Yes, based on the figure below, Many of the categorical values are missing information and additionally, many of the predictors are likely not descriptive enough to be useful in a model (low variance). The variables that have low variance are shown below and are leaf.mild, mycelium, and sclerotia with uniqueness values less than 0.5%
data("Soybean")
caret::nearZeroVar(Soybean, saveMetrics = T) %>%
filter(nzv == T) %>% kableExtra::kable()
| freqRatio | percentUnique | zeroVar | nzv | |
|---|---|---|---|---|
| leaf.mild | 26.75 | 0.4392387 | FALSE | TRUE |
| mycelium | 106.50 | 0.2928258 | FALSE | TRUE |
| sclerotia | 31.25 | 0.2928258 | FALSE | TRUE |
plot_bar(Soybean, theme_config = defaulttheme)
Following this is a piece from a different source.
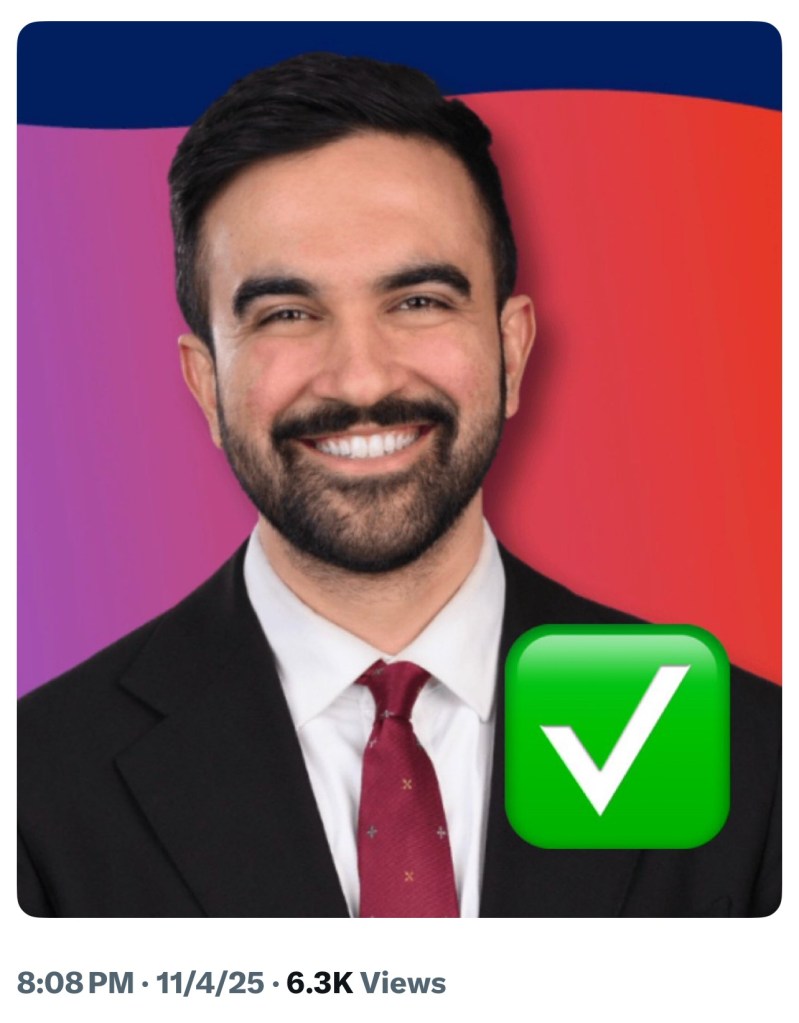 - New York: winner, winner, chicken dinner. Zohran Mamdani, is [scary music plays] a Muslim. Be afraid! He has threatened to tax the rich, freeze rents, and provide bus transportation for free. The Republican party’s unified scare messaging that he is a “Marxist, socialist, communist.”

Roughly 18% of the data are missing. Are there particular predictors that are more likely to be missing? is the pattern of missing data related to the classes?
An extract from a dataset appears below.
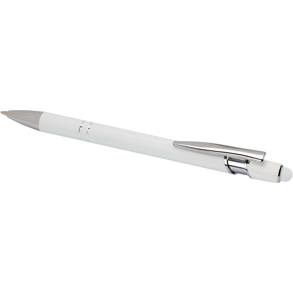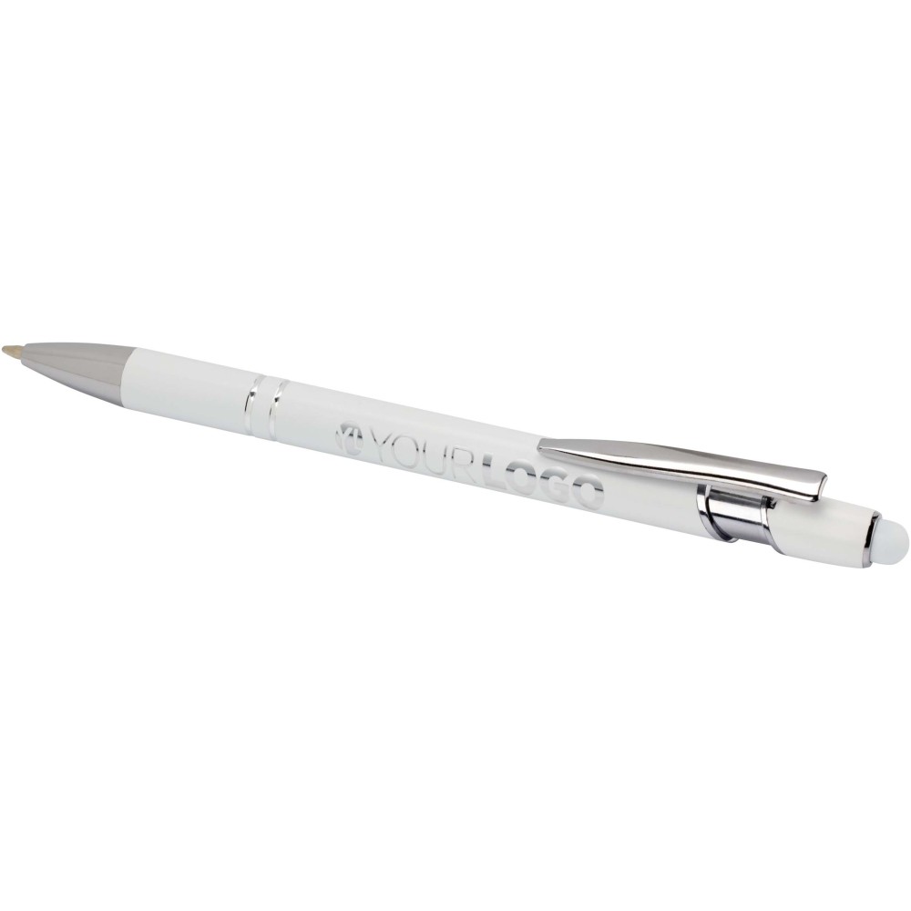 Kish golyóstoll ezüst színben. A toll teste újrahasznosított alumíniumból, az érintőceruza pedig szilikonból készült, így érintőképernyős eszközökhöz is használható. Az újrahasznosított alumínium csökkenti a hulladéklerakók terhelését, segít megőrizni a természeti erőforrásokat, és célja az üvegházhatású gázok kibocsátásának mérséklése. Tinta színe: kék. Íráshossz: 800 méter. Tollhegy mérete: 1,0 mm. Emblémázás: Gravírozás, Tamponnyomás

We are able to visualize the amount of missing data and the percentage of each class that is missing data in the figure below. The data shows that many of the missing values are coincident with missing values for other features and may be a product of how the data was collected for specific observation events.
vis_miss(Soybean)
Develop a strategy for handling missing data, either by eliminating predictors or imputation.
Those observations where majority of the features are missing information would likely be stripped from evaluation rather than attempting imputations across the entire spread. some threshold value such as “If 50% of features are missing for a given observation, remove observation”. Cases where only one or a few features are missing for an observation, we may attempt different imputation methods and see what may provide the best results across bootstrapped test/train sets. Some of these methods might include, median, mean, knn, linear reg, or random forest imputation.